Archbishop Tadeusz Kondrusiewicz
Archbishop Tadeusz Kondrusiewicz

Belarusian authorities have barred Archbishop Tadeusz Kondrusiewicz from entering the country, a day after the head of the Catholic Church in Belarus warned the nation’s political crisis could lead to civil war.

Border guards blocked the 74-year-old archbishop of Minsk and Mohilev from entering from neighboring Poland on August 31, despite him being a citizen of Belarus.

“Border guards of the Republic of Belarus denied the head of the Belarusian Catholic episcopate entry to the country without explanation,” Bishop Yuri Kasabutsky, an auxiliary bishop in the Minsk and Mohilev archdiocese, was quoted by the Catholic News Agency as saying.

The president of the Belarusian bishops’ conference has been a vocal critic of the brutal crackdown on protesters in the wake of the country’s contested August 9 vote.

President Alyaksandr Lukashanka, who has ruled Belarus for 26 years, was declared the winner of the election, which was widely viewed as rigged. Hundreds of thousands of people have taken to the streets over the past three weeks to protest the results and demand he step down despite a crackdown that has left hundreds injured and at least six dead.

In an address read at Catholic churches on August 30, Kondrusiewicz wrote that the country faced an “unprecedented sociopolitical crisis” and the prospect of civil war.
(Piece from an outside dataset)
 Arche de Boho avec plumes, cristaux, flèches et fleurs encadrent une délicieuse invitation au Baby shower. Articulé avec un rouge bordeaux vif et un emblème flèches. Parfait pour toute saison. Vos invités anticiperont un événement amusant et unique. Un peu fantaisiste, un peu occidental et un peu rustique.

“In a peace-loving and tolerant Belarus -- as our country is known in the world -- brother raised his hand against his brother, as a result of which blood was shed and many people were injured,” the metropolitan said.
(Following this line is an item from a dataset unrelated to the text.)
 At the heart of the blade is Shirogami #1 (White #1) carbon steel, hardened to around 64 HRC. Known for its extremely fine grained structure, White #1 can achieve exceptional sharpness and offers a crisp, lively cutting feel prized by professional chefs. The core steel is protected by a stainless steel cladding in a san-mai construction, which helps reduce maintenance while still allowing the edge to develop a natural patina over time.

“The difficult economic situation is also very alarming today. We are threatened by international isolation. More and more often you can hear the opinion that the threat of a civil war is becoming real, which none of us could have even thought of a few months ago,” he continued.

“From the very beginning of the sociopolitical crisis, the Catholic Church has encouraged prayer and called problems to be solved through dialogue, remembering Christ’s words that without him we could do nothing,” Kondrusiewicz said.

Earlier this week, Kondrusiewicz condemned security forces after they blocked the entrance to the Church of Saints Symon and Alena in Minsk, a structure also known as the Red Church.

He has also condemned police beatings and detentions of protesters.

“The beating of peaceful demonstrators who want to know the truth, their cruel treatment and inhumane detention, is a grave sin on the conscience of those who give criminal orders and commit violence,” he wrote in a message to Belarusian state officials on August 14.

According to official numbers, about 6 percent of Belarus’s 9.5 million people are Roman Catholic, while 53 percent belong to the Belarusian Orthodox Church. The remainder of the population identifies as atheist, uncertain, or belonging to minority religions.